**WORK TO BE COMPLETED**
Omit all pictures, and print word for word only the lines from the one containing "- SEJOUR (20.64" through the end of the data.

**SUPPLIED MATERIAL**
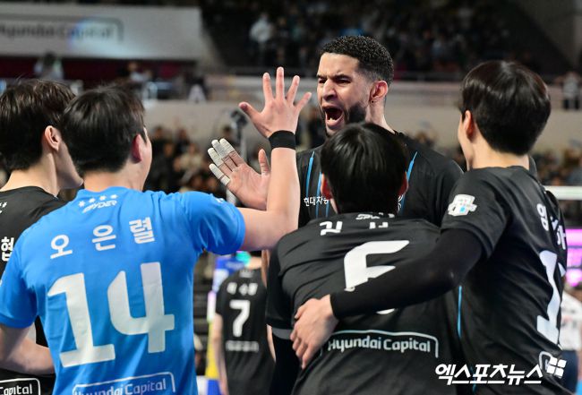 1일 오후 충남 천안유관순체육관에서 열린 ‘도드람 2024-2025 V-리그’ 현대캐피탈과 대한항공의 챔피언결정전 1차전 경기, 현대캐피탈 레오가 득점 후 기뻐하고 있다. 김한준 기자 kowel@xportsnews.com
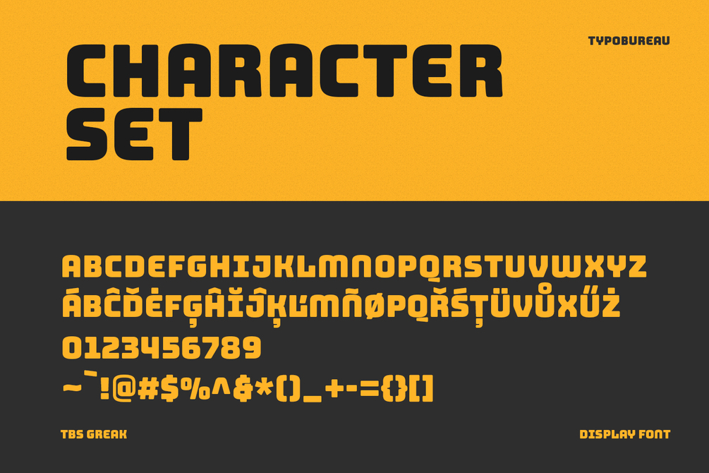 TBS Greak is an All Caps bold round font for display purpose inspired from 60s to 90s vibes Retro font, this font support multilingual languages and free update feature. published by Typo Bureau Foundry.
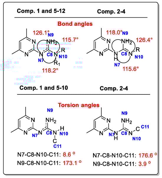 These bonds are approaching single- and double-bond character, respectively, and the visualisation of tautomer T2 with a cis–cis geometry, as shown in Figure 2, is descriptive. The anilines used in the preparation of these three molecules have pKa < 3.2. Thus, the electronic properties of the substituents appear to play a major role in determining the tautomer type. The bond and torsion angels for the central part of the molecules are visualised in Figure 4 and in Supplementary Materials, Tables S5 and S6. For compounds 1 and 5–12, the following average bond angles were observed: N7-C8-N9: 126.1 ± 0.6°, N7-C8-N10: 118.2 ± 0.8°, and N9-C8-N10: 115.7 ± 1.3°. The bond angles for guanidines 2–4 are very similar, but they are arranged in an opposite way, being N7-C8-N9: 118.0 ± 0.2°, N7-C8-N10: 115.6 ± 0.4°, and N9-C8-N10: 126.4 ± 0.3°.
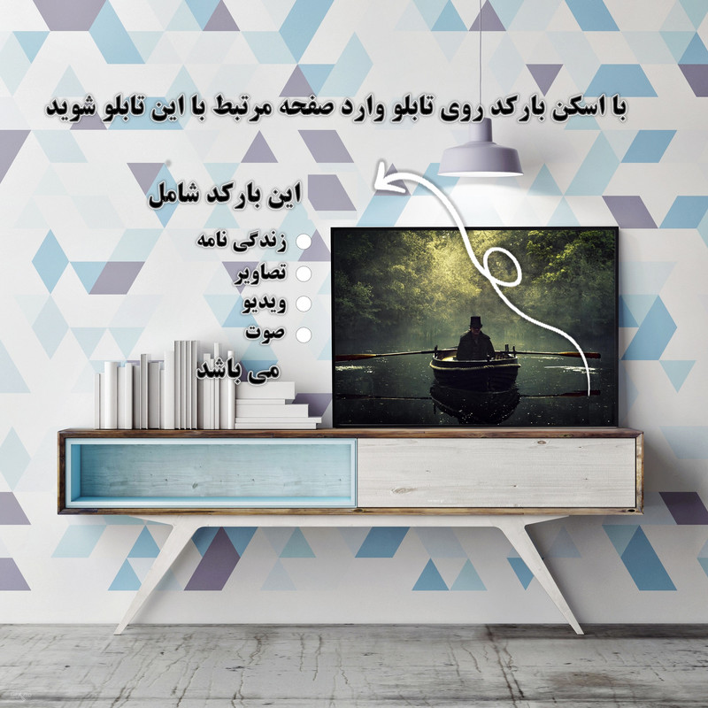 | سایر توضیحات | بر روی چاپ تصویر این تابلو در گوشه قاب , بارکد با قابلیت اسکن وجود دارد که شما را به صفحه از پیش طراحی شده برای این هنرمند هدایت می نماید. |
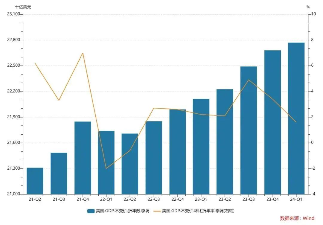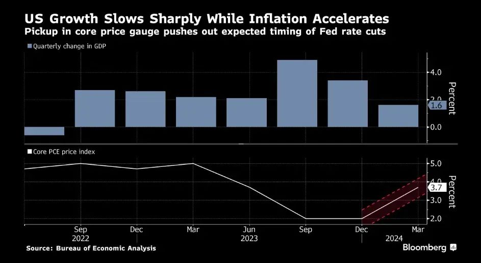 时间周四(4月25日),美国商务部发布的数据显示,2024年一季度国内生产总值(GDP)按年率计算增长1.6%,增幅较去年第四季度的3.4%明显收窄。作为经济增长引擎的个人支出增长2.5%,低于预期水平。
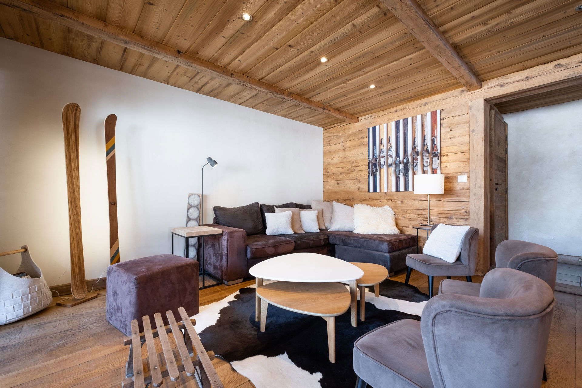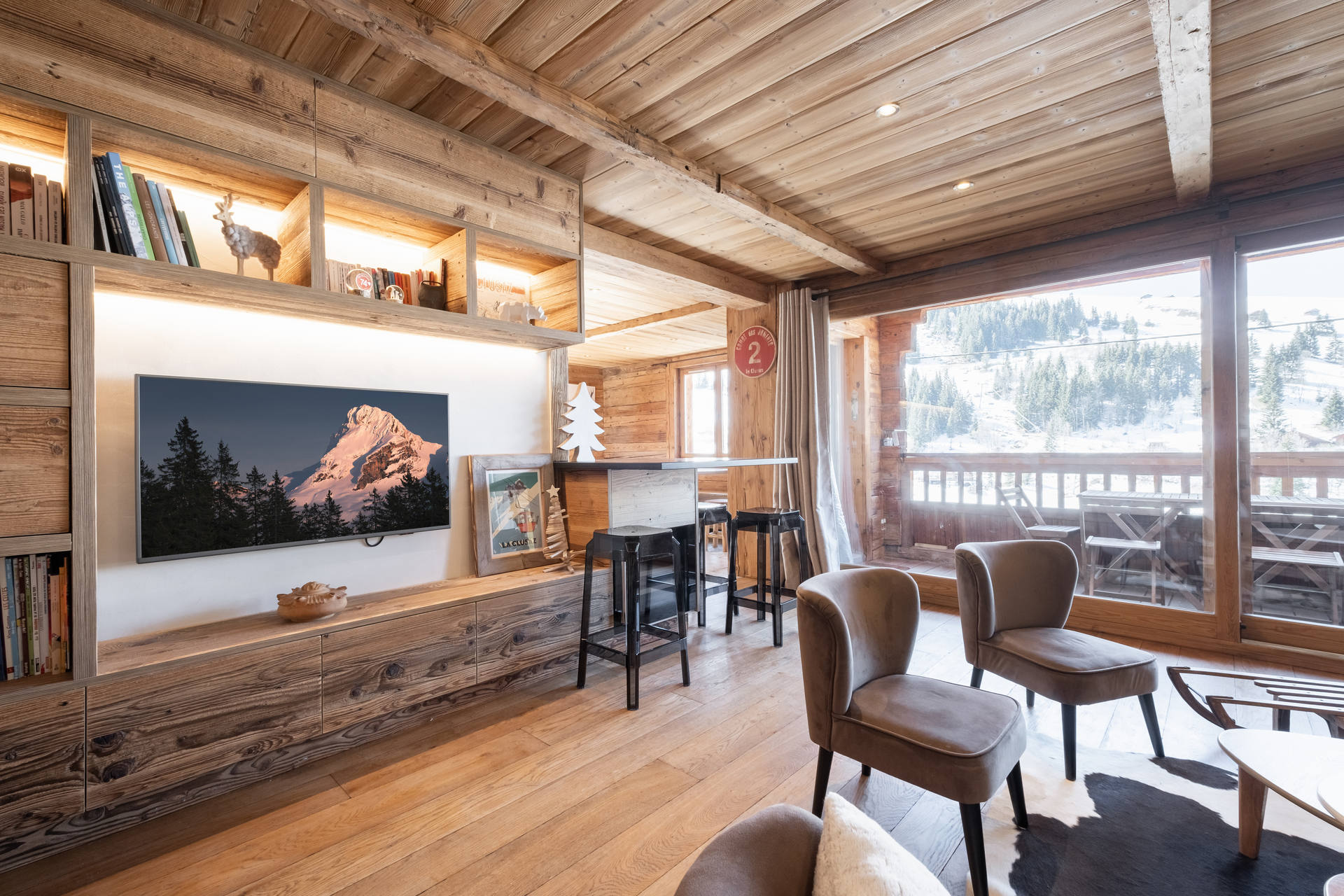 - SEJOUR (20.64 m²) : TV écran plat, baie vitrée, accès balcon sud, vue chalet voisin / montagne
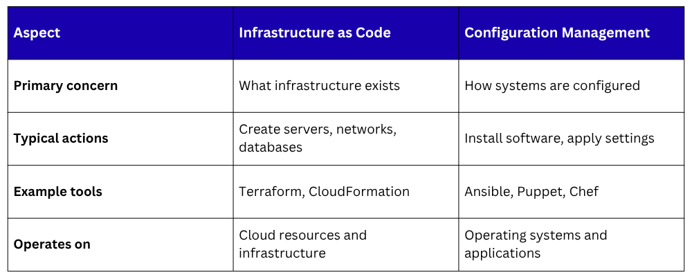 Configuration management and Infrastructure as Code are complementary but distinct practices. A clear understanding of where one ends and the other begins helps teams use both effectively.
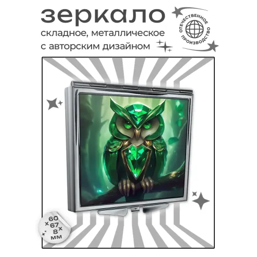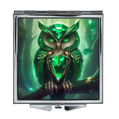 Складное квадратное зеркало с полноцветным изображением зелёной совы на металле.
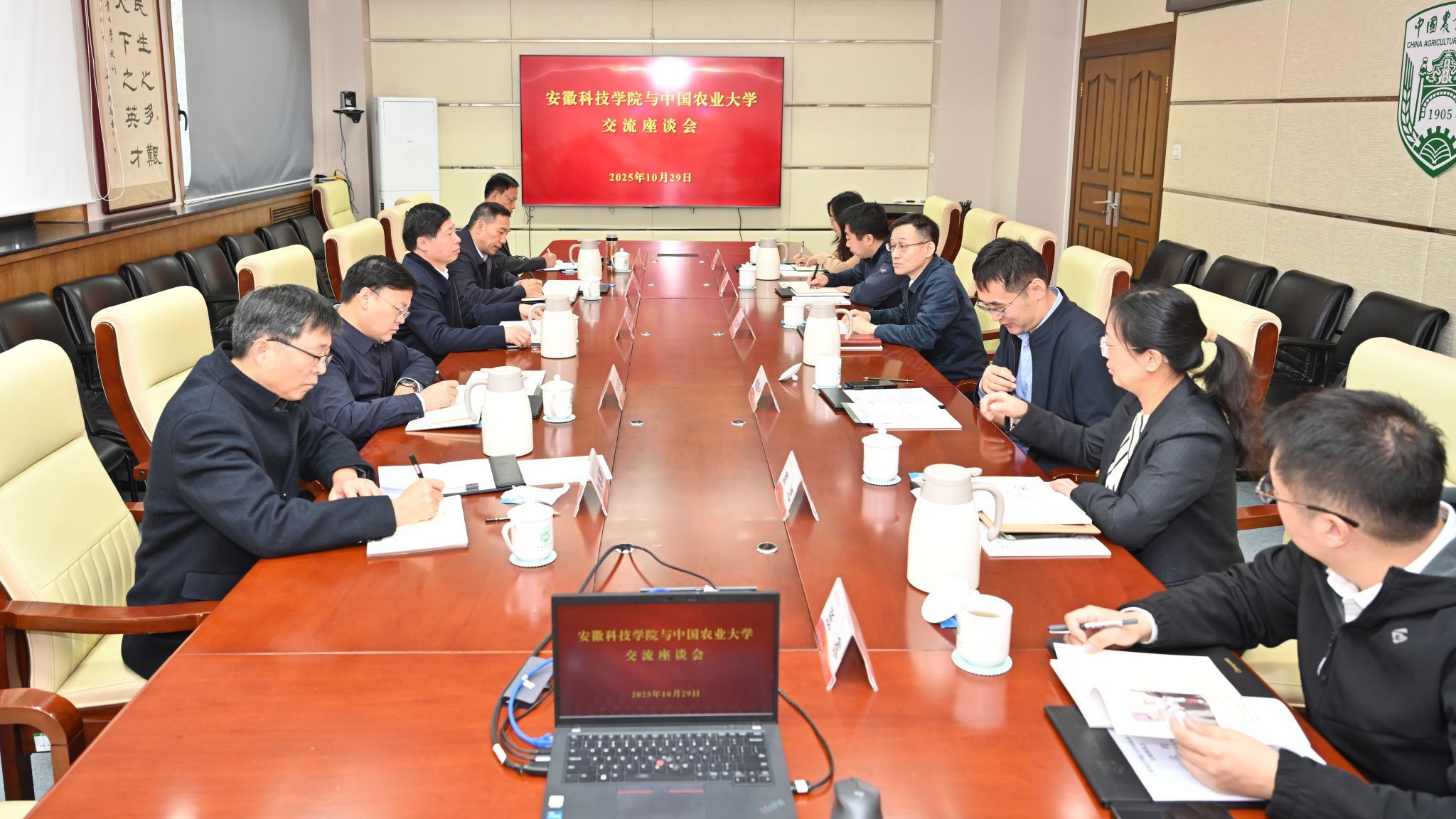 本网讯 10月29日,安徽科技学院党委书记时伟率队赴中国农业大学对接落实“1+5”农业科技创新联盟建设有关工作。中国农业大学党委书记钟登华院士亲切会见时伟一行,双方就推进联盟建设有关任务与两校合作事宜举行座谈。中国农业大学副校长田见晖主持座谈会。时伟介绍了安徽科技学院办学历史沿革、目前发展态势,特别是近年来改革、建设与发展情况。他表示,安徽科技学院始终坚守“三农”初心,打造农科特色,在服务地方农业产业发展、...

**ANSWER SECTION**
 - SEJOUR (20.64 m²) : TV écran plat, baie vitrée, accès balcon sud, vue chalet voisin / montagne
 Configuration management and Infrastructure as Code are complementary but distinct practices. A clear understanding of where one ends and the other begins helps teams use both effectively.
 Складное квадратное зеркало с полноцветным изображением зелёной совы на металле.
 本网讯 10月29日,安徽科技学院党委书记时伟率队赴中国农业大学对接落实“1+5”农业科技创新联盟建设有关工作。中国农业大学党委书记钟登华院士亲切会见时伟一行,双方就推进联盟建设有关任务与两校合作事宜举行座谈。中国农业大学副校长田见晖主持座谈会。时伟介绍了安徽科技学院办学历史沿革、目前发展态势,特别是近年来改革、建设与发展情况。他表示,安徽科技学院始终坚守“三农”初心,打造农科特色,在服务地方农业产业发展、...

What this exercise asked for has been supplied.